About 30 minutes outside of Austin, NV, I diverted off Highway 50 to find Spencer Hot Springs.  It’s a well known and a well used hot spring.  Camping is dispersed through the sage brush hills so it’s possible to find privacy despite the popularity of the hot springs.  When I arrived I wasn’t initially clear where the hot springs were located exactly so I parked and jumped out and started walking around.  I saw what appeared to be somebody’s campsite and didn’t want to encroach but it also felt like the way to the hot springs.  Well, it WAS the hot springs and these jackasses had actually set up their campsite, car and tent and fire pit and all their stuff RIGHT NEXT TO THE HOTSPRING.  Lame! Lame! Lame!
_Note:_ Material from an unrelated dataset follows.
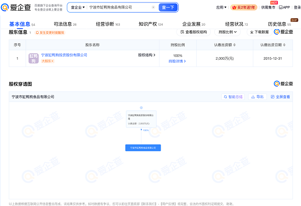爱企查App显示,缸鸭狗品牌关联公司——宁波市缸鸭狗食品有限公司成立于2012年1月,注册资本2000万元,由宁波缸鸭狗投资股份有限公司全资持股,经营范围包括食品生产、食品销售等许可项目。作品著作权信息显示,宁波市缸鸭狗食品有限公司目前已登记包括宁波汤圆在内的6项作品著作。

Spencer Hot Springs and an example of how NOT to set up camp at a hot spring site.

It turns out there are actually several hot spring pools at Spencer Hot Springs and I found a nice camping spot about a 100 yards away from another hot spring area where fellow campers were better versed in proper hot spring camping ettiquette.

I set up camp and enjoyed a couple of cocktails and watched the sun set over the plains and mountains.  A group of wild burros picked their way down out of the hills to hang out with the campers and I could hear them braying, as well as coyotes yipping, as the evening light faded and the stars came out.  Views went on for miles and I could see campfires flickering up and down the valley.  The hotspring area cleared out relatively early and I enjoyed a nice quiet night.
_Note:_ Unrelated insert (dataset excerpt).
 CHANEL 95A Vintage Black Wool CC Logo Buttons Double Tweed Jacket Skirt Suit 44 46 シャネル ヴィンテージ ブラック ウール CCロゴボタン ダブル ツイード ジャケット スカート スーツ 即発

The next morning, Roo and I had a nice walk around the sage brush hills as the sun was rising over the hills.  Jack rabbits were all of the place and Roo gave chase.  I know I should have tried to interrupt the hunt but I was mesmerized.  It was just pure power and speed and animal instinct and it was marvelous to watch her tear after that hare through the sage brush.   She came back, wild eyed and panting, looking like she had just had the time of her life.  (No worries, no hares were harmed.)

Spencer Hot Springs area

On Sunday, 10/8, I packed up and took off from Spencer Hot Springs, continuing east along route 50.  I stopped in Eureka, NV, for breakfast.  The town had some very well preserved historic buildings, including an old opera house.  Unfortunately about half were standing vacant and many were marked for sale.   This must have been quite the town back in it’s heyday.

Eureka, NV

I kept driving east along route 50, stopping in Ely, NV to fuel up and to snap a picture of the Hotel Nevada and its fabulous signage.

Hotel Nevada in Ely, NV

Just outside Ely, NV a sign for Ward Charcoal Ovens State Historic Park caught my eye and Roo and I made a quick diversion to check it out and get a quick hike in. The charcoal ovens, which are 27 feet in diameter and 30 feet tall, were built in the 1870’s and were used to produce charcoal to fuel the smelters in the area that were producing ore in support of the railroad and silver mining businesses.   Filling each one of these ovens required 6 acres worth of trees.  The ovens were run for 12 hours and resulted in about 50 bushels of charcoal.  As the railroads completed their expansion west and the silver boom waned, the ovens fell out of use after only 3 years.  In that short period of time the surrounding hills were stripped of all juniper and pinion pines for a radius of 35 miles.  After the ovens fell out of use, they were used by stockmen and prospectors as shelters during harsh weather and legend has it they were used by stagecoach bandits as hideouts.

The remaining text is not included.